A randomized clinical trial testing two implementation strategies to promote the treatment of tobacco dependence in community mental healthcare
- PMID: 37084508
- PMCID: PMC10198962
- DOI: 10.1016/j.drugalcdep.2023.109873
A randomized clinical trial testing two implementation strategies to promote the treatment of tobacco dependence in community mental healthcare
Abstract
Introduction: People with serious mental illness (SMI) are more likely to smoke and less likely to receive tobacco treatment. Implementation strategies may address clinician and organizational barriers to treating tobacco in mental healthcare.
Methods: A cluster-randomized trial (Clinic N=13, Client N=610, Staff N=222) tested two models to promote tobacco treatment in community mental healthcare: standard didactic training vs. Addressing Tobacco Through Organizational Change (ATTOC), an organizational model that provides clinician and leadership training and addresses system barriers to tobacco treatment. Primary outcomes were changes in tobacco treatment from clients, staff, and medical records. Secondary outcomes were changes in smoking, mental health, and quality of life (QOL), and staff skills and barriers to treat tobacco.
Results: Clients at ATTOC sites reported a significant increase in receiving tobacco treatment from clinician at weeks 12 and 24 (ps<0.05) and tobacco treatments and policies from clinics at weeks 12, 24, 36, and 52 (ps<0.05), vs. standard sites. ATTOC staff reported a significant increase in skills to treat tobacco at week 36 (p=0.05), vs. standard sites. For both models, tobacco use medications, from clients (week 52) and medical records (week 36), increased (ps<0.05), while perceived barriers decreased at weeks 24 and 52 (ps<0.05); 4.3% of clients quit smoking which was not associated with model.
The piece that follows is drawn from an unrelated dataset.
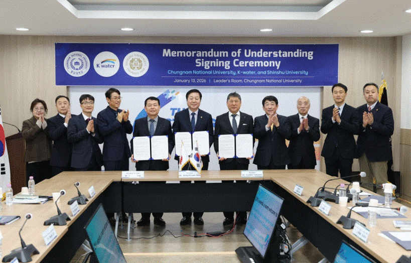 [일요주간 = 엄지영 기자] 한국수자원공사(K-water)는 1월 13일 대전 충남대학교에서 충남대학교, 일본 신슈대학교와 물 분야 기술 발전과 인재 양성을 위한 업무협약(MOU)을 체결했다. 이번 협약을 통해 기후위기 대응을 위한 첨단수처리와 물·에너지 융합 분야의 국제 공동연구와 인재 교류를 본격 추진한다.

QOL and mental health improved over 24 weeks for both models (ps<0.05).
Conclusions: Standard training and ATTOC improve use of evidence-based tobacco treatments in community mental healthcare without worsening mental health, but ATTOC may more effectively address this practice gap.
Keywords: Implementation; Mental health; Tobacco treatment; Training.
Copyright © 2023 Elsevier B.V. All rights reserved.
Conflict of interest statement
Declaration of Competing Interest Dr. Schnoll has received medication and placebo free from Pfizer and has provided consultation to Pfizer, GlaxoSmithKline, and Curaleaf. Dr. Beidas is principal at Implementation Science & Practice, LLC. She receives royalties from Oxford University Press, consulting fees from United Behavioral Health and OptumLabs, and serves on the advisory boards for Optum Behavioral Health, AIM Youth Mental Health Foundation, and the Klingenstein Third Generation Foundation outside of the submitted work.